■ **Work item**
Find the line with "Un busto de" in the data below. Repeat it and every line after it up to the end, exactly, but drop the pictures.

Data items:
-- -- --

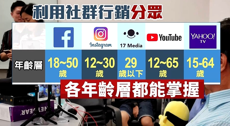 要宣傳市政當然就要有效果,韓國瑜也很懂得利用社群行銷分眾的概念,像是使用臉書,民眾大約落在18到50歲,IG使用民眾約12到30歲,而17直播通常在29歲以下,YouTube年齡層最高可以來到64歲,也就是說透過5個平台,韓國瑜就能掌握各大年齡層的收視群。
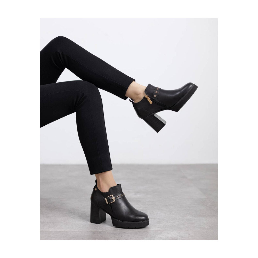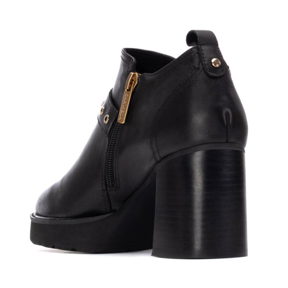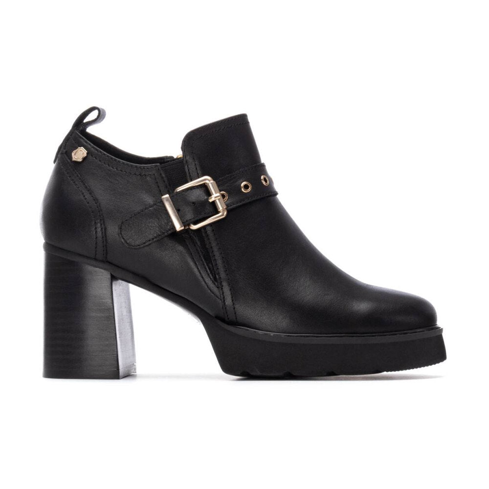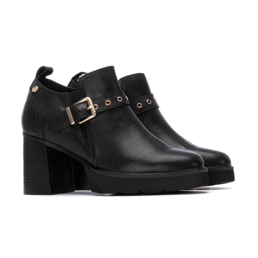 botín de mujer de estilo sofisticado de la marca carmela, fabricado en piel negra de alta calidad. diseño con tacón ancho y plataforma delantera para una pisada estable y cómoda. incorpora hebilla metálica decorativa lateral y cremallera interior para un calce fácil. ideal para looks urbanos, de oficina o para combinar con vaqueros o vestidos.
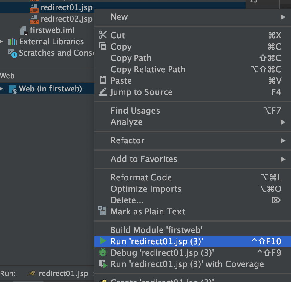 실행 방법 - redirect01.jsp를 우클릭해서 Run을 클릭 (intellij)
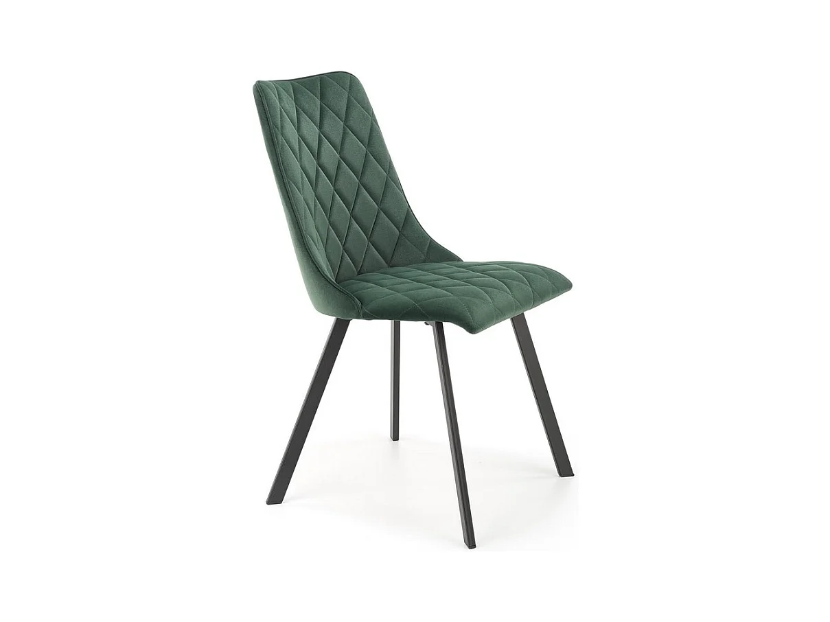 Silla de comedor tapizada en terciopelo verde oscuro con patas de metal negro ODUNA
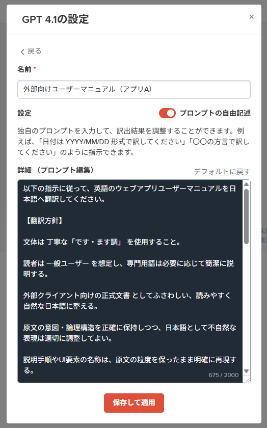 生成AI翻訳におけるカスタムプロンプトの文字数上限が大幅に拡大され、より詳細な方針・文体ガイドライン・規約等を指示として設定できるようになりました。
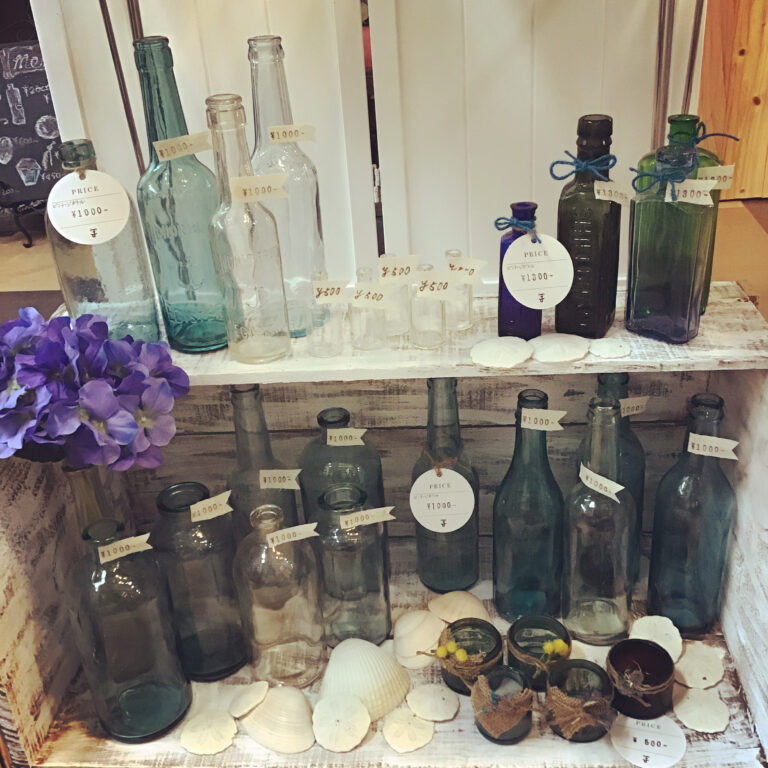 ヴィンテージボトル多数入荷中です。 花瓶としてはもちろん、そのまま飾ってもとってもお洒落です。 暑い夏に涼しげなアイテムをぜひどうぞ♪
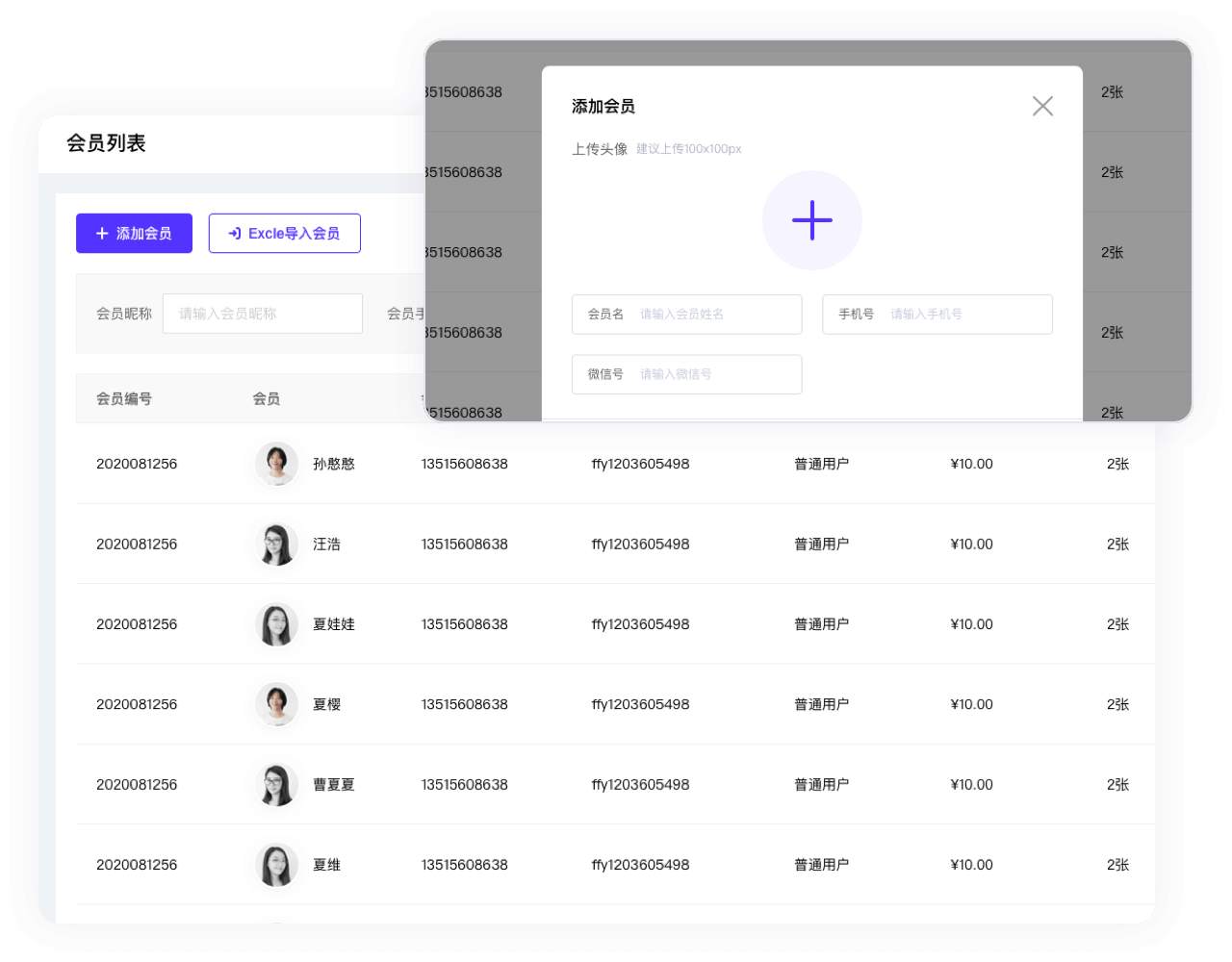 商户可通过手动添加会员也可以EXCEL导入会员。
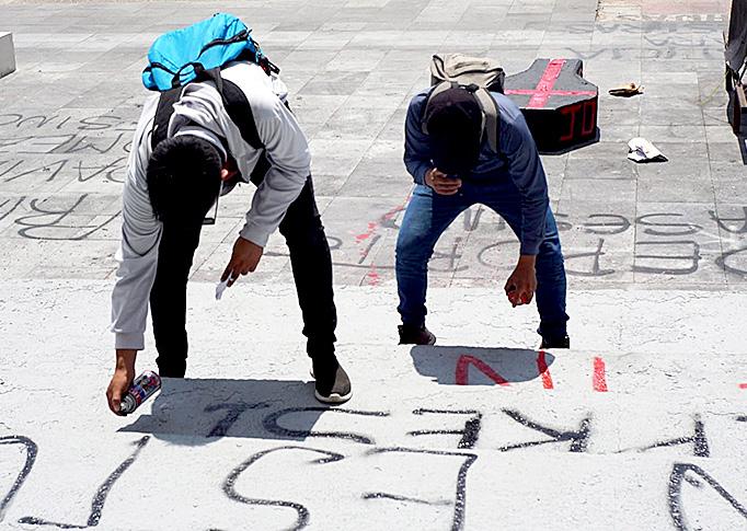 Un busto de Pablo Salazar Mendiguchía fue cargado por los alumnos junto a un ataúd de cartón con el nombre de José David recuerdan que el asalto las insta -
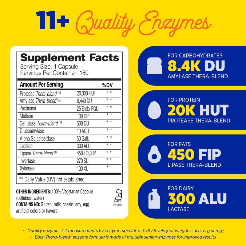 - Powered by thera-blend: Experience faster relief and better digestion thanks to Thera-blend enzymes, formulated to stay active through acidic and neutral environments in the digestive system
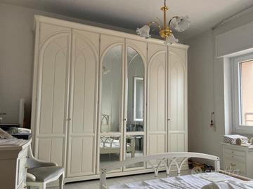 Vendo camera da letto matrimoniale composta da letto ( testiera e rete ) , due comodini, comò , armadio e poltroncina .
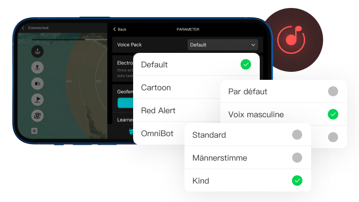 Packs vocaux amusants offerts Support multilingue : anglais, français, allemand
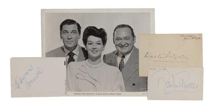 Vintage ink signatures of Rosalind Russell, Walter Pidgeon, and Edward Arnold on individual off-white album pages. Accompanied by a glossy 10 x 8 MGM promotional photo for the film. Small collector’s notations to all three, and magnetic album toning lines to Pidgeon‘s page, otherwise fine condition. Pre-certified PSA/DNA and RRAuction COA.

-- -- --

■ **Exercise response**
 Un busto de Pablo Salazar Mendiguchía fue cargado por los alumnos junto a un ataúd de cartón con el nombre de José David recuerdan que el asalto las insta -
 - Powered by thera-blend: Experience faster relief and better digestion thanks to Thera-blend enzymes, formulated to stay active through acidic and neutral environments in the digestive system
 Vendo camera da letto matrimoniale composta da letto ( testiera e rete ) , due comodini, comò , armadio e poltroncina .
 Packs vocaux amusants offerts Support multilingue : anglais, français, allemand
 Vintage ink signatures of Rosalind Russell, Walter Pidgeon, and Edward Arnold on individual off-white album pages. Accompanied by a glossy 10 x 8 MGM promotional photo for the film. Small collector’s notations to all three, and magnetic album toning lines to Pidgeon‘s page, otherwise fine condition. Pre-certified PSA/DNA and RRAuction COA.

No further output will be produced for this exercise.